>>>>>
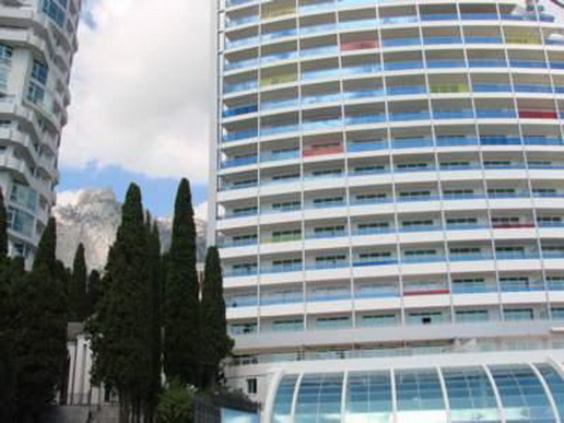 - 2-местные 3-комнатные апартаменты 4 (площадь 200 кв.м, 3 спальни, гостиная, система центрального кондиционирования, мини-бар, телефон, выход в интернет (Wi-Fi), халаты, тапочки, кухня, обставленная всей необходимой техникой (холодильник, электрочайник, встроенная плита), 3 санузла с душевыми кабинами, биде, умывальник, туалет, фен, набор косметической продукции, возможна установка 6 доп. мест, балконы с видом на море и горы, корпус «Башня»),
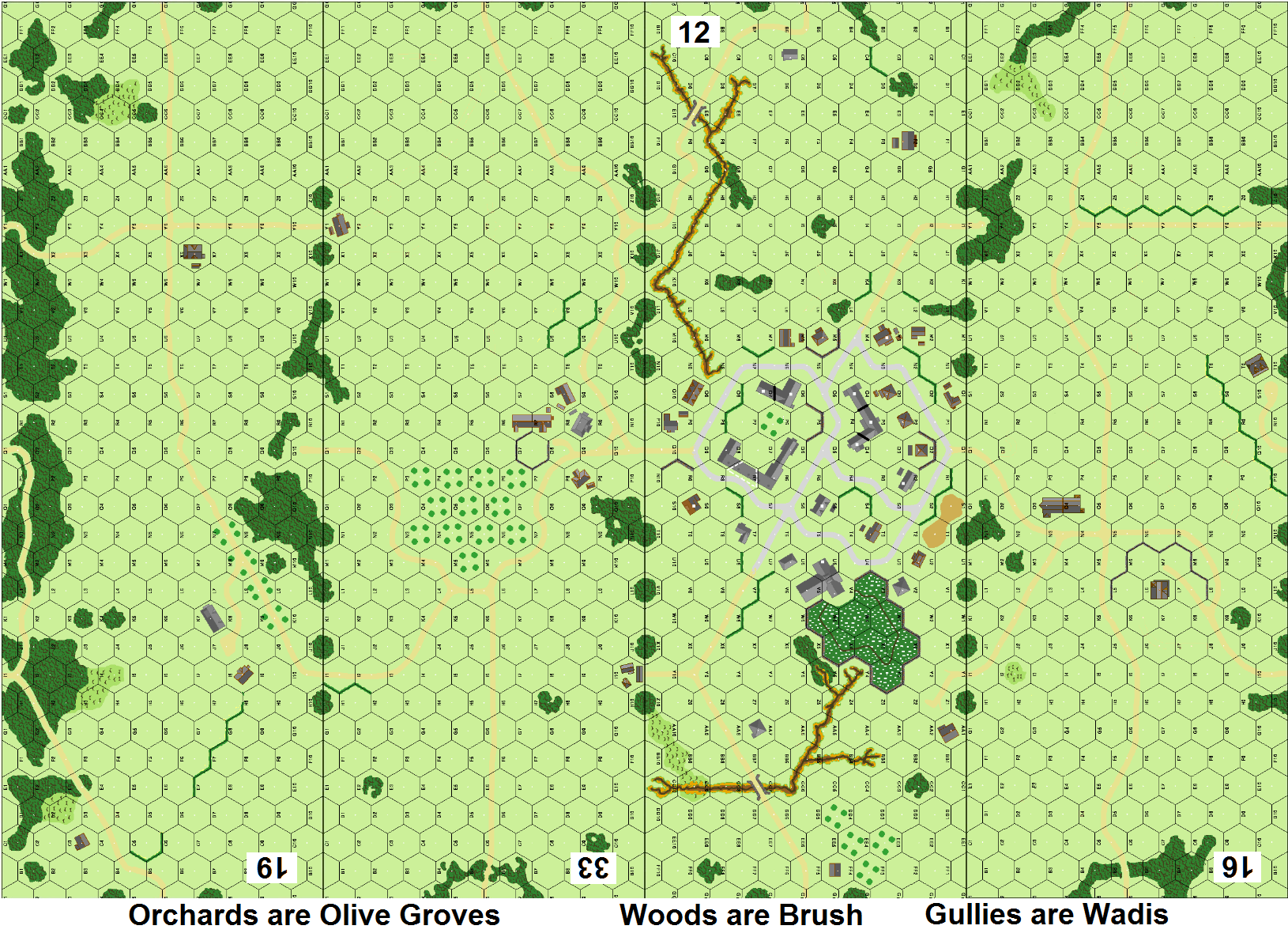 | Misc Rules: | Terrain: All buildings are Stone, Orchards are Olive Groves, Woods are Scrub, Gullies are Wadis. |
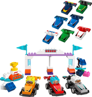 - Creative fun for family playtimes – Share your passion for F1® with your preschooler with this toddler toy that includes 10 buildable race cars, 3 driver bricks, a crane toy, start lights and a podium
<<<<<
Above is a listing with pictures. Write it out exactly without them.

§ EXERCISE RESULT:
 - 2-местные 3-комнатные апартаменты 4 (площадь 200 кв.м, 3 спальни, гостиная, система центрального кондиционирования, мини-бар, телефон, выход в интернет (Wi-Fi), халаты, тапочки, кухня, обставленная всей необходимой техникой (холодильник, электрочайник, встроенная плита), 3 санузла с душевыми кабинами, биде, умывальник, туалет, фен, набор косметической продукции, возможна установка 6 доп. мест, балконы с видом на море и горы, корпус «Башня»),
 | Misc Rules: | Terrain: All buildings are Stone, Orchards are Olive Groves, Woods are Scrub, Gullies are Wadis. |
 - Creative fun for family playtimes – Share your passion for F1® with your preschooler with this toddler toy that includes 10 buildable race cars, 3 driver bricks, a crane toy, start lights and a podium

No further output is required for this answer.